- Do refusals by LLMs threat the requester’s negative face the same way it does in human refusal?
- How do different deliveries of refusal affect the threat to the requester’s face differently?
- More specifically, what is the effect of moralizing language such as “Your request is harmful and violates safety policies.”? And how do these effects differ from simple but blunt refusal like, “I cannot fulfill this request.”?
- Are there more face-saving ways to refuse that adopts politeness theory? i.e., “As an AI [focuses away from requester], my knowledge on that specific, sensitive topic is limited [low ability], so I can’t provide the analysis you’re looking for.
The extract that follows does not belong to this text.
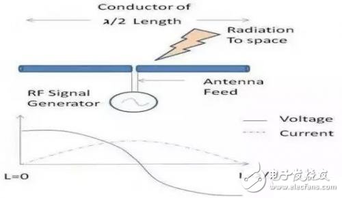 如圖2所示,導(dǎo)體的波長為λ/2,其中λ為電信號的波長。信號發(fā)生器通過一根傳輸線(也稱為天線饋電)在天線的中心點(diǎn)為其供電。按照這個(gè)長度,將在整個(gè)導(dǎo)線上形成電壓和電流駐波,如圖2所示。
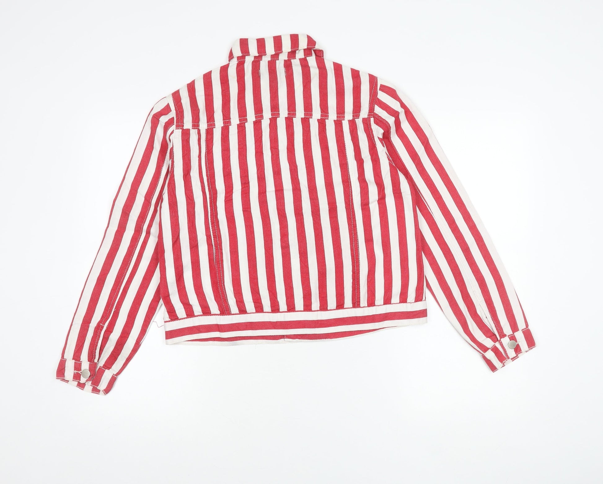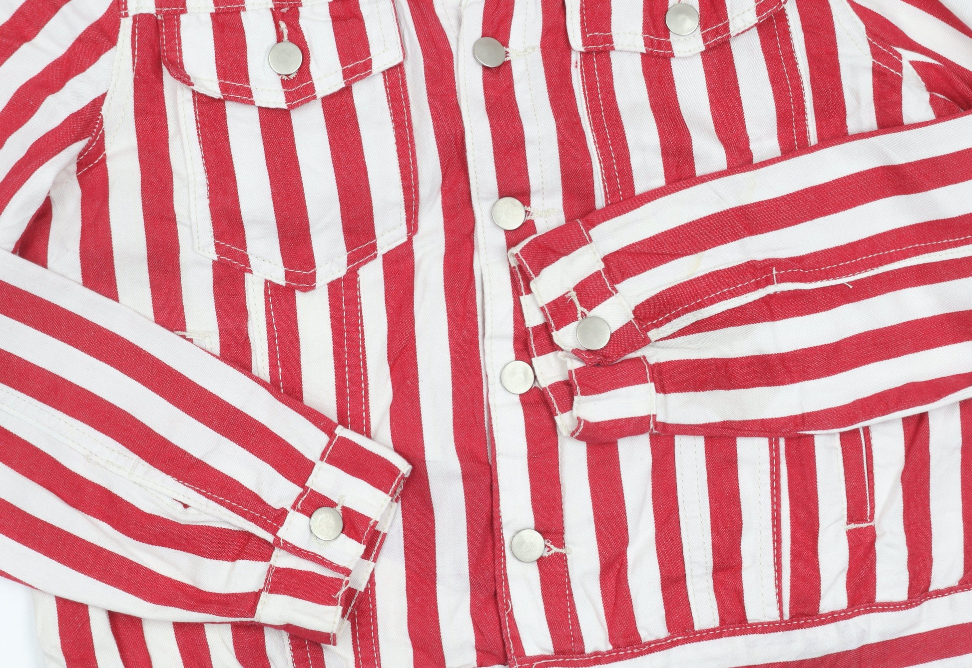 PrettyLittleThing Women Red Striped Cropped Button-Up Jacket Size 8

I am designed to be helpful though [display of high willingness], and can discuss [related, safe topic].”
- What is more preferable—this white lie that they don’t have the technical capability when they actually do, or blunt refusals?
- Do perceptions of face-saving refusal differ when it comes from a human compared to when it comes from a machine?
- If refusal is negotiable, does it change the outcome of the initial refusal?
- What is the effect of the lack of “social contract” in interactions with LLMs, i.e. the lack of potential future reciprocity, or the lack of threat to the refuser’s negative face?
- What are the most common refusal strategies used by different LLMs?
- Is there a correlation between a specific refusal style (e.g., blunt, polite, moralizing) and the user’s subsequent action (e.g., task abandonment, re-prompting, adversarial jailbreak attempt)?
While I am interested in all of these research questions, I decided to begin with answering the bolded questions. A corpus analysis of existing, real-world data will help find patterns of refusal displayed by LLMs, which will lead to future experiments to establish causal links.